Where $\theta$ and $\mathbf{u}$ are the same values as described originally. We solve for them as:

$$ \mathbf{u} = \frac{\mathbf{e}}{||\mathbf{e}||} \\ \theta = \arccos(\frac{\mathbf{n} \cdot \mathbf{a}}{||\mathbf{n}|| \ ||\mathbf{a}||})$$

It should be noted that we use $\arccos$ instead of $\arcsin$ as this will return an angle from $0$ to $\pi$, which is a better representation of the angle between two vectors. You might notice that $\mathbf{e} = \mathbf{0}$ when $\theta = \pi$. This is the case as the cross product is undetermined in these configurations (we have an infinite number of vectors that we could rotate about to achieve our goal). As you mentioned, this is one of the issues with the problem you have posed, but luckily it only occurs in one specific case and hard-coded solutions can be made to handle this fringe case.
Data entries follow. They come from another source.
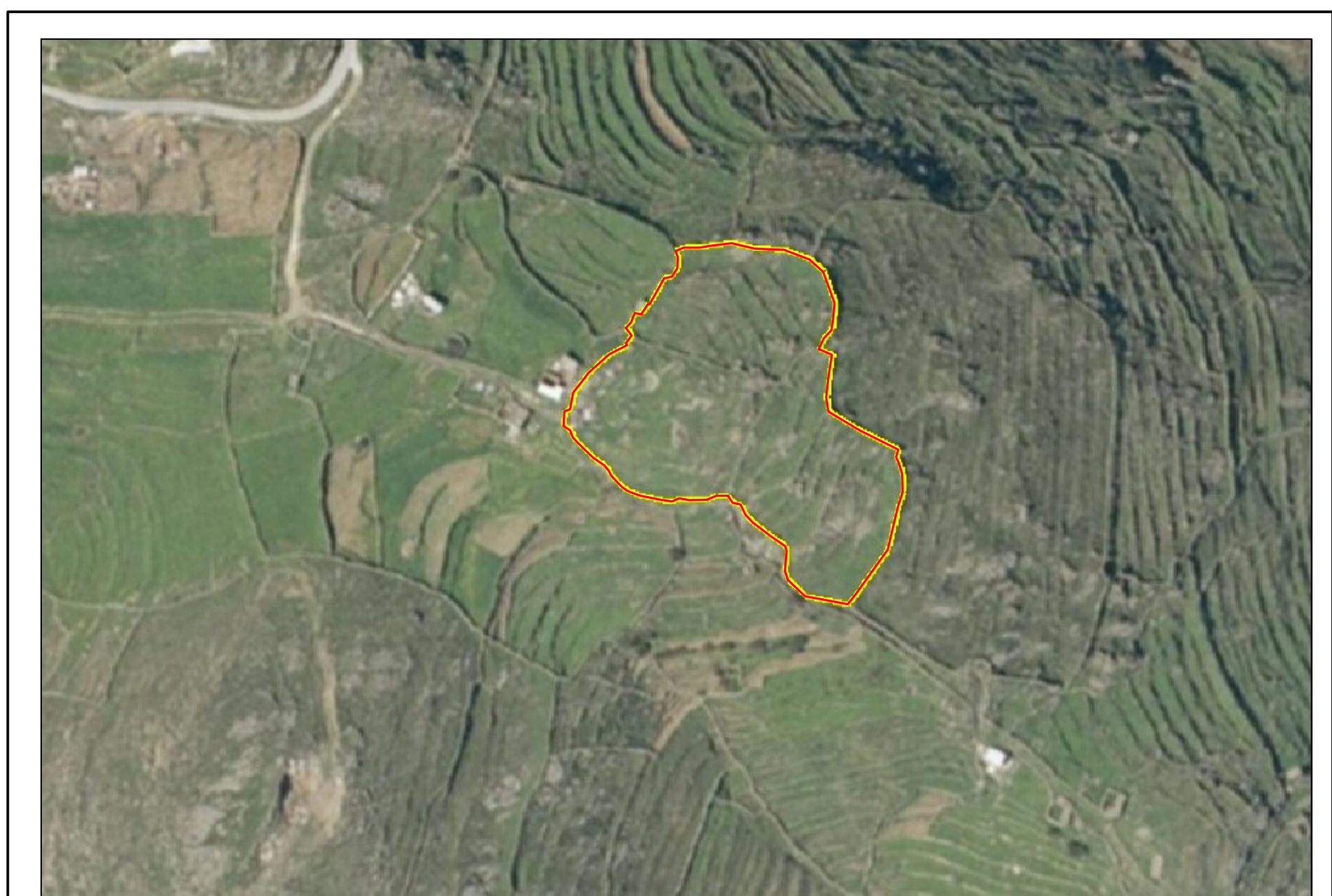
ΑΕΡΙΑΙΑ ΧΑΡΤΟΓΡΑΦΙΑ ΤΗΣ ΠΡΟΣΤΑΣΙΑΣ ΕΣΚΟΤ ΚΗΛΙΔΙΟΥ
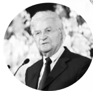
埃蒙德·阿尔方戴利 ——法国前财政部长、欧洲政策研究中心主席

青岛有非常得天独厚的环境优势，我觉得这个优势应该进一步得到利用。这里还有更多的高等院校，这都是非常重要的资产。我们不能在这里闭门造车，建立自己的财富市场，我们需要建立起一个更为广泛的生态系统，有时候需要技术，有时候需要更多金融方面的人士。
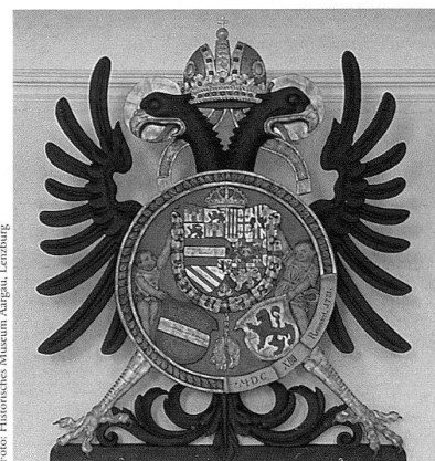
Les armoiries en relief de l'empereur Matthieu, réalisées en 1614 dans l'atelier des deux sculpteurs Heinrich et Melchior Fischer à Laufenbourg. – Au tribunal de Laufenbourg, la juridiction (suisse) est encore exercée de nos jours sous ces armoiries et les portraits de l'archiduchesse Marie-Thérèse et de l'empereur Joseph II. La demi-aigle des armoiries du canton de Genève perpétue le souvenir de l'immédiateté impériale dont bénéficiait Genève.

Placée sous le haut patronage de S.A.I.R. l'Archiduc Otto de Habsbourg, l'exposition qui aura lieu au Muséum d'histoire naturelle à Genève bénéficie notamment
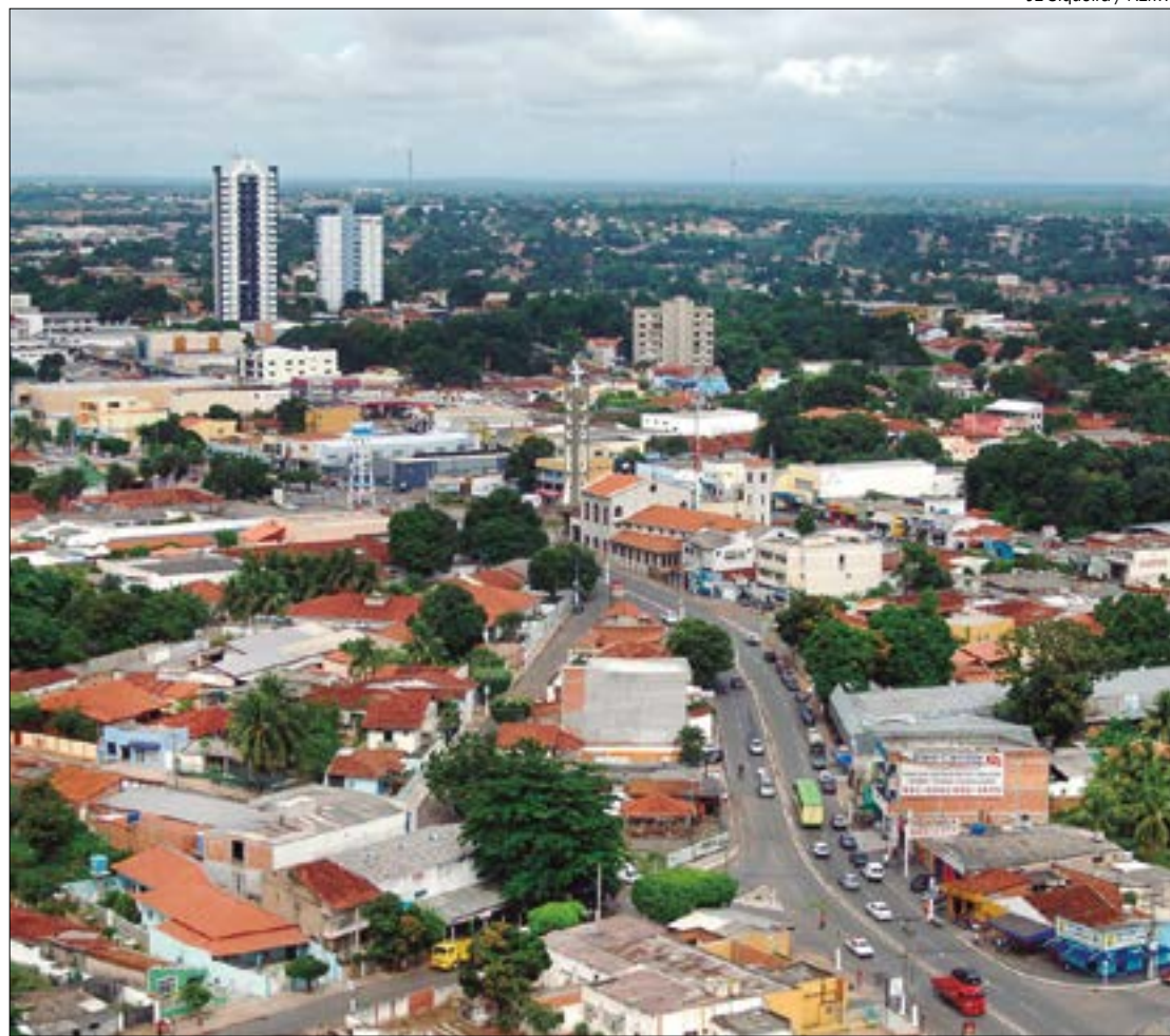
Ticket médio dos imóveis em Várzea Grande está na faixa de R$ 211 mil, quase metade do valor em Cuiabá

Apesar da queda nos valores, houve aumento no número de 1,3% no uni-
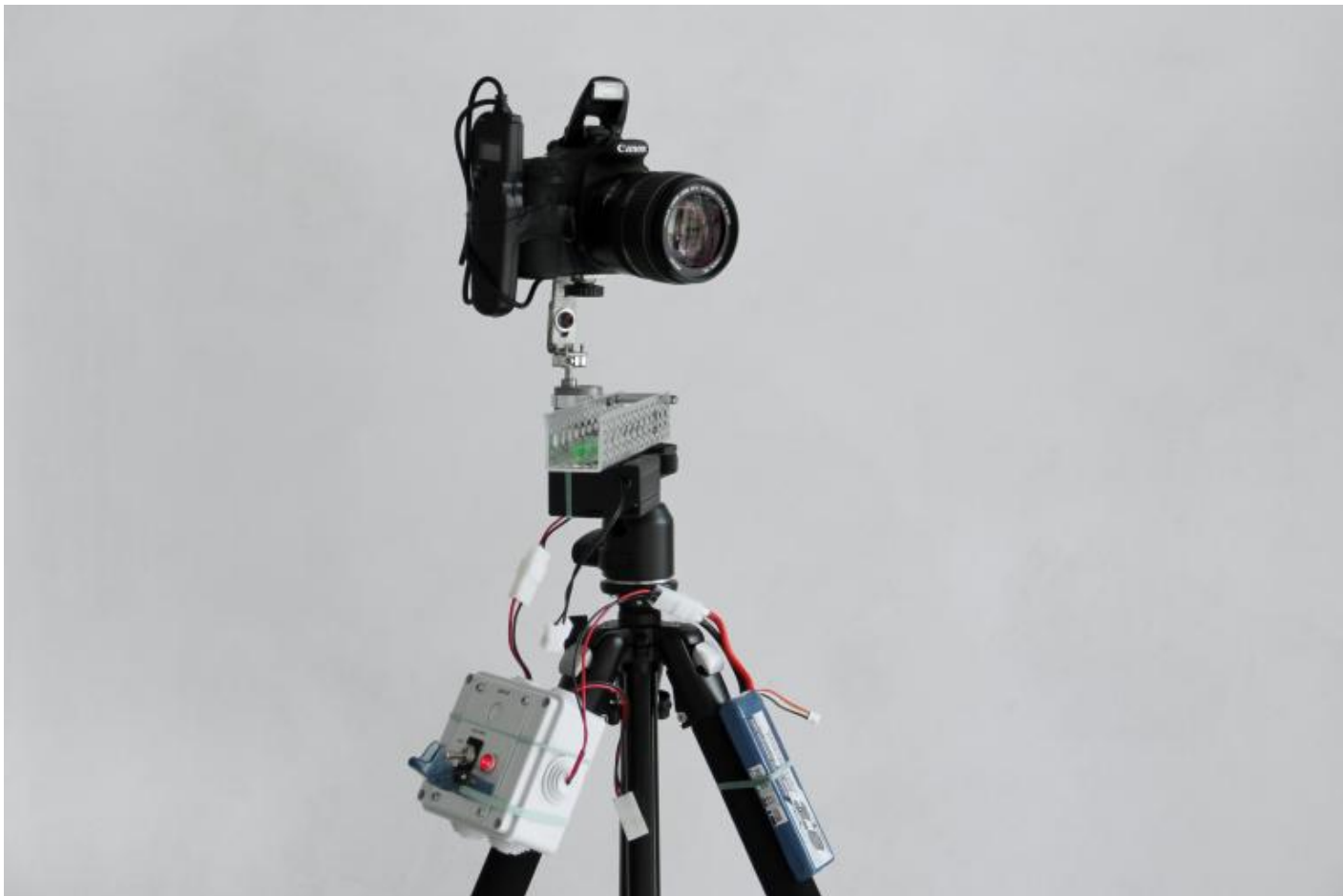
Irene Fenara, "Alta frequenza", 2015, multimedia installation, LocaleDue, Bologna.
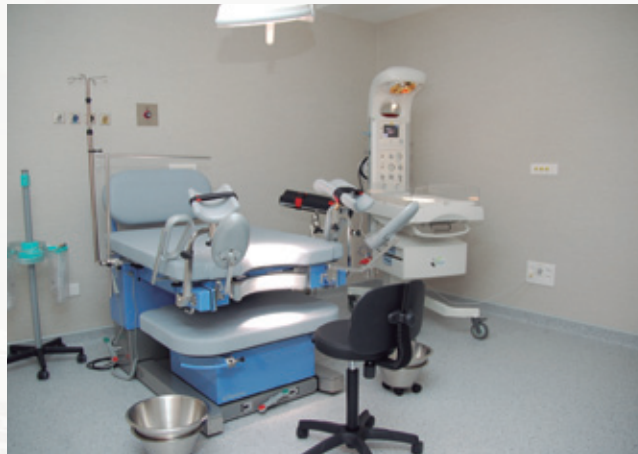
Nuevo paritorio de Clínica Montpellier, dotado de la última tecnología para garantizar la mejor atención.

Entre los servicios que ofrece el centro hospitalario a las mujeres se encuentran: consultas externas; Urgencias de Ginecología y Obstetricia 24 horas; seguimiento de embarazo, parto y lactancia; medios diagnósticos punteros (mamografía digital+tomosíntesis, densitometría y ecografía); tratamientos de reproducción asistida e
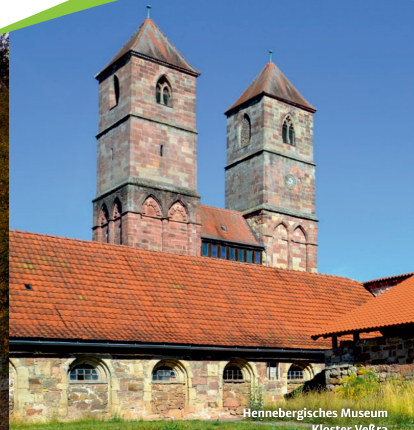
Hennebergisches Museum Kloster Veßra
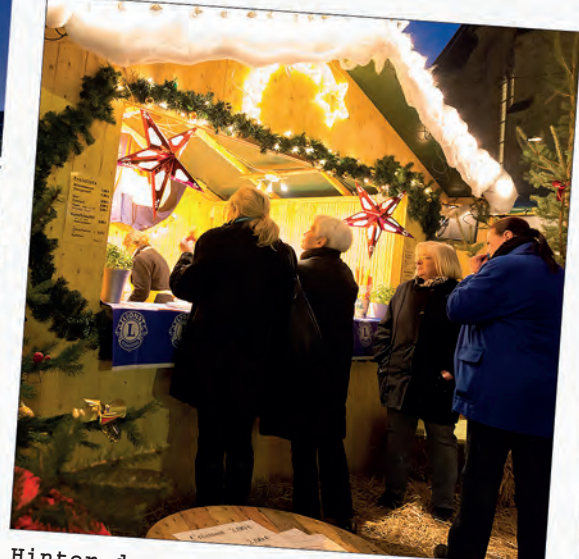
Hinter der Christuskirche: Neuer Weihnachtsmarkt am alten Platz kam sehr gut an
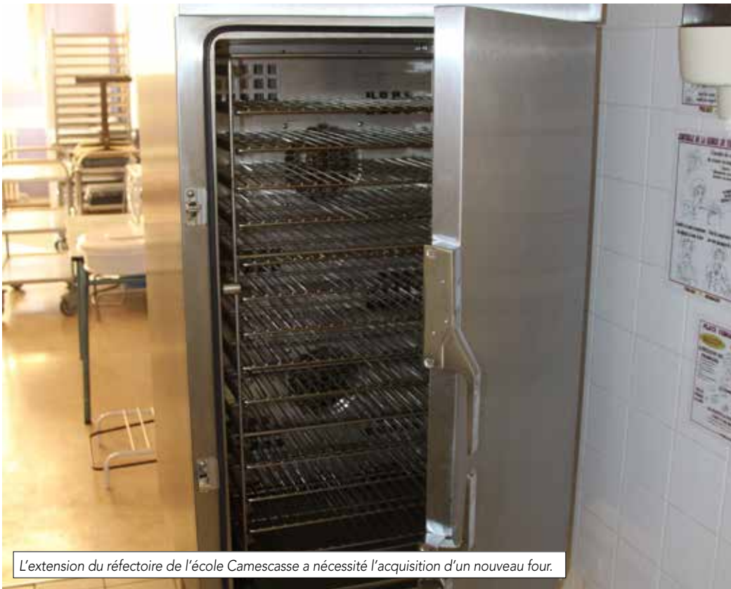
L'extension du réfectoire de l'école Camescasse a nécessité l'acquisition d'un nouveau four.

instituteurs afin d'utiliser sa salle de classe en réfectoire pour accueillir davantage de demi-pensionnaires. La salle des instituteurs a été déplacée dans l'ancienne classe de Mme Mendel, qui réintègre sa classe initiale entièrement rénovée du sol au plafond.

Now, to obtain a rotation matrix that will perform the same rotation for the rest of the vectors associated with body B, we have:

$$ \mathbf{R} = \exp(\mathbf{K}\theta) = \mathbf{I} + \sin(\theta)\mathbf{K} + (1-\cos(\theta))\mathbf{K}^{2} $$

where $\mathbf{K} = [\mathbf{u}]_{\times}$ is the cross-product matrix:

$$ \mathbf{K} \triangleq \left[ \begin{array}{ccc} 0 & -u_{3} & u_{2} \\ u_{3} & 0 & -u_{1} \\ -u_{2} & u_{1} & 0 \end{array} \right]$$

Again, you will need to handle the case where $\mathbf{n}$ and $\mathbf{a}$ are parallel and opposite direction as an independent case, solving for $\mathbf{u}$ and $\theta$ still. Once this is handled, this method should work generally for any $\mathbf{n}$ and $\mathbf{a}$.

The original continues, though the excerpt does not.